Search

Minimum wage increase close to the finish line

Clark Biegler
Apr 08, 2014

Minnesota legislators agreed yesterday to increase the state’s minimum wage. Working Minnesotans shouldn’t be in poverty, and increasing the minimum wage is an important step toward a future of more broadly shared prosperity. An increase in the minimum wage reaches Minnesota workers who tend to be left behind in our economy, and boosts their purchasing power.

Minnesota has been one of just a handful of states with minimum wages below the federal figure of $7.25 an hour, so that federal rate is what many minimum wage workers in our state currently earn.

That will change this summer, when new state minimum wage standards begin phasing in over a two-year period:

  • Large employers: $8.00 per hour starting on August 1, 2014, $9.00 starting on August 1, 2015, and $9.50 starting August 1, 2016.
  • Small employers: $6.50 per hour starting on August 1, 2014, $7.25 starting August 2015, and $7.75 starting August 2016.
  • Training wage (for employees under age 20 for the first 90 consecutive days of employment): $6.50 starting August 1, 2014, $7.25 on August 1, 2015, and $7.75 on August 1, 2016.
  • Two other wage tiers are created: youth wage (workers under age 18), and working under an Exchange Visitor non-immigrant visa: $6.50 starting August 1, 2014, $7.25 on August 1, 2015, and $7.75 on August 1, 2016.

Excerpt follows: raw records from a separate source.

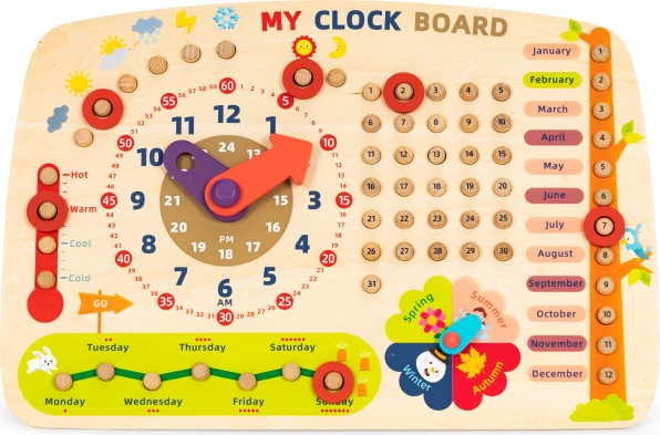 Le tableau permet aux enfants d’apprendre les jours de la semaine, les mois et les saisons, une excellente manière de développer de façon ludique les aptitudes manuelles.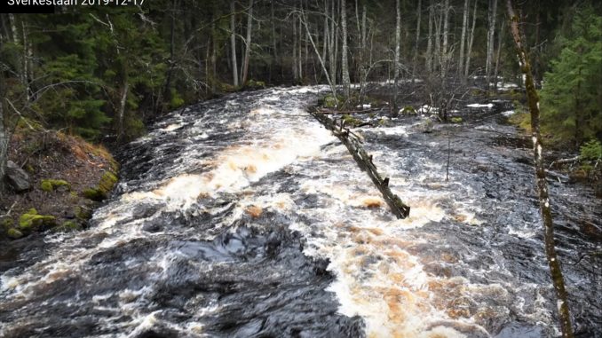 Under november och december har flera långvariga regnområden passerat Sverige och fyllt vattenmagasinen. Nu är det flödande vatten som strömmar fram i vattendragen här. Tisdagen den 17 december följde vi Sverkestaån från Kåfalla till Stensta med stopp i Storbo och Rockhammar.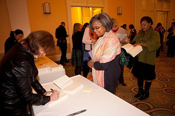 Ellen Galinsky (left) signs her book for Cynthia Jacobs-Tolbert, assistant principal of John Marshall Elementary School in Dorchester.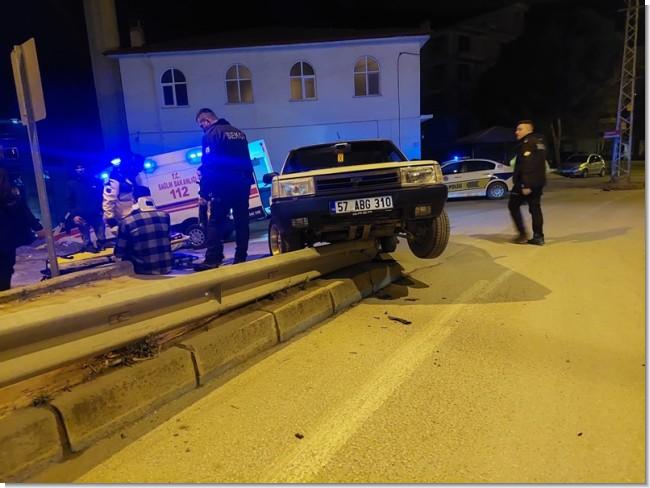 Olay, 20 Mart 2026 Cuma günü saat 23.30 sıralarında meydana geldi. Edinilen bilgiye göre, Sanayi Sitesi istikametine seyir halinde olan otomobil, Yeni mahalle geçişindeki virajda sürücüsünün direksiyon hakimiyetini kaybetmesi sonucu kontrolden çıktı. Yolun sağında bulunan karayolları bariyerine çarpan otomobil, çarpmanın etkisiyle bariyerlerin üzerine çıkarak askıda kaldı.
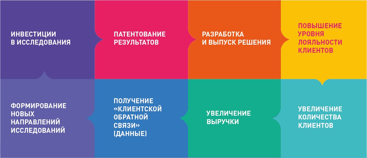 Для достижения лидерства в своей индустрии компании вынуждены быть инновационными, то есть не только инвестировать в повышение эффективности производства и взаимоотношения с клиентами, но и проводить научные исследования, делать свои решения технологичнее, внедряя самые современные инновации, обогащать их новыми сервисами и свойствами… Все это требует от лидеров рынка и их конкурентов проведения политики новых научно-технических открытий, защиты интеллектуальной собственности, формируя тем самым круговорот инновационной деятельности (рис. 1).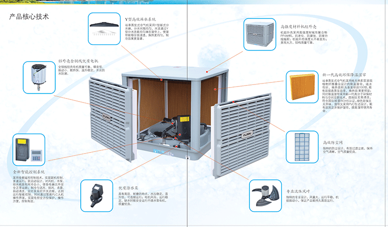 現(xiàn)在90%工廠不知道用低碳節(jié)能環(huán)?照{(diào)又稱蒸發(fā)式冷氣機(jī),分別由水簾、電機(jī)、風(fēng)葉、頂蓋、立柱、底盆、控制面板、排水閥、布水器、水泵等零配件組成,

For purposes of the minimum wage, Minnesota will match federal definitions for small and large employers. A large employer has annual gross sales over $500,000, and a small employer has gross sales below that amount.

Minnesota’s minimum wage will increase each year based on inflation starting in 2018 (commonly called “indexing”), so that it keeps up with the cost of basic necessities. The annual increase cannot be more than 2.5 percent. The state has the option of suspending an annual increase if economic indicators show potential for a substantial downturn in the state’s economy. In the years after a wage increase is prevented, the state can make supplemental increases in the minimum wage to catch up.

The minimum wage agreement is in House File 2091, and is expected to be voted on in the House and Senate this week.